January 26, 2013

Ancestry Composition to be fixed

From the explanation at the relevant thread:
Ancestry Composition (AC) works by learning (training) a set of useful features from reference individuals with known ancestry (the training set) and then using these features to predict the ancestry of our customers.

Our set of reference individuals consists in part of customers who reported their 4 grandparents were born in the same country. Remember that we also remove the outliers, or people whose genetic ancestry doesn't match their survey answers. From this set, AC learns to associate certain haplotypes with their geographical origin. AC is then able to recognize similar haplotypes and thus to predict the ancestry of other customers.

However, when predicting the ancestry of reference individuals, AC suffers from overfitting, a problem common to many supervised learning methods. As a consequence, AC predicts the ancestry of most reference individuals as being 100% from their grandparents’ birthplace.

We addressed this issue using a method inspired from cross-validation. We divided the training set into 5 folds, each containing 20% of the reference individuals. We then trained 5 AC models in which each fold in turn is excluded from the set of reference individuals. So each of these models is learned using 80% of the reference individuals. Additionally, we retain the model that was trained using all the reference individuals. From this process, we end up with 6 different models from which we can predict the ancestry of our customers.

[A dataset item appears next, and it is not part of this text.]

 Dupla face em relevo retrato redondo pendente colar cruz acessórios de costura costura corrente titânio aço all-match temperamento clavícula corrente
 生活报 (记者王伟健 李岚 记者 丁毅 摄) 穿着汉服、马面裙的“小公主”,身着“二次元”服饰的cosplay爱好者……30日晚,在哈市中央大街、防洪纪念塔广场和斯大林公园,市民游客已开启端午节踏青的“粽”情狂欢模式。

Now, when predicting the ancestry of a customer, we start by figuring out if he/she is a reference individual. If yes, we identify the fold in which the customer belongs, and we use the corresponding model for prediction. If not, we use the fold containing all of the reference data. This way, we ensure that AC was never trained using the haplotypes of the individual it tries to predict.
I had proposed basically the same solution about a month ago, and it's great that the issue is being addressed so soon after it first appeared. If any of the people who had written to me/commented on the topic get their new updated results and want to comment, feel free to do so in this post.

I am not sure how 23andMe plans to handle their Ancestry Composition feature in the future, but I would suggest that they periodically re-update it as they get more samples. According to a recent estimate, there are over 180,000 people in their database at the moment, a fraction of which meets the twin requirements of: (i) having 4 grandparents from the same country, and (ii) not being an outlier. As this number increases over time, it might be a good idea to occasionally re-partition the sample and re-calculate participants' ancestry composition results.

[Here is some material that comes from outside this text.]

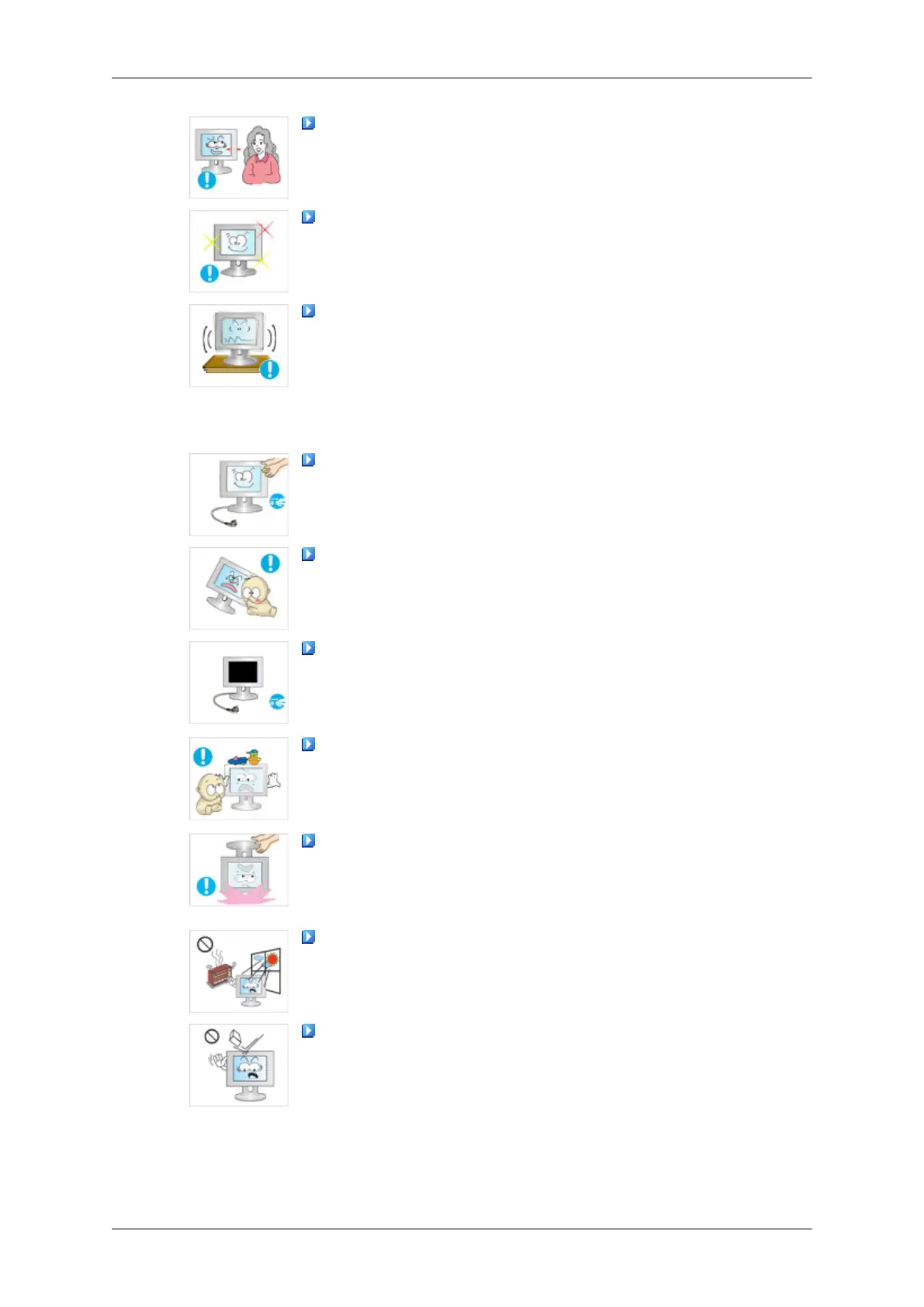 Do not drop any objects onto the product or cause any impact to the

The fact that they are ready to roll out their updated results so soon after the initial ones tells me that they do have the computing power to do so, and it might be a good idea to update Ancestry Composition periodically, say on a quarterly basis or when a certain increase in the training set (say, 10%) is achieved. Eventually the admixture estimates may stabilize, in which case the way forward may involve rethinking the choice of ancestral populations currently in use.


eurologist said...

As I mentioned before, they should also fix other issues. Currently, they combine France and Germany. That's about the same if not worse than combining Denmark and Hungary. Conversely, they are combining Hungary and Poland - which is not that different from combining Austria and the Ukraine...

Also, for many countries it would pay to divide them into 4-5 regions (NE, NW, SW, SE, central).

Clay said...

I look forward to the new results, since my first results could not be explained by my known ancestry. For example, my great-grandmother is from Finland, which shows up clearly enough in the results. But Scandinavian also shows up, even in the "conservative" interpretation, and there is no one in my family tree known to be from there. In the more speculative interpretation, Scandinavian is as prominent as Finn. So maybe there was Swedish admixture in my Finnish great grandmother. Maybe she is an "outlier" within the Finn population and this will clarify.

Charles Nydorf said...

I show up as .2 Finnish on the speculative sub-regional estimate. I'm pretty sure that these are really Lithuanian or Belarusian genes.

Dmytro said...

Major glitches seem to accompany the recalculations. My mother-in-law has now become more than half Sub-Saharan (she had 0% initially, which is correct for her), while my wife has none whatsoever.

pconroy said...

I see that my mother's slight Native American ancestry has returned again.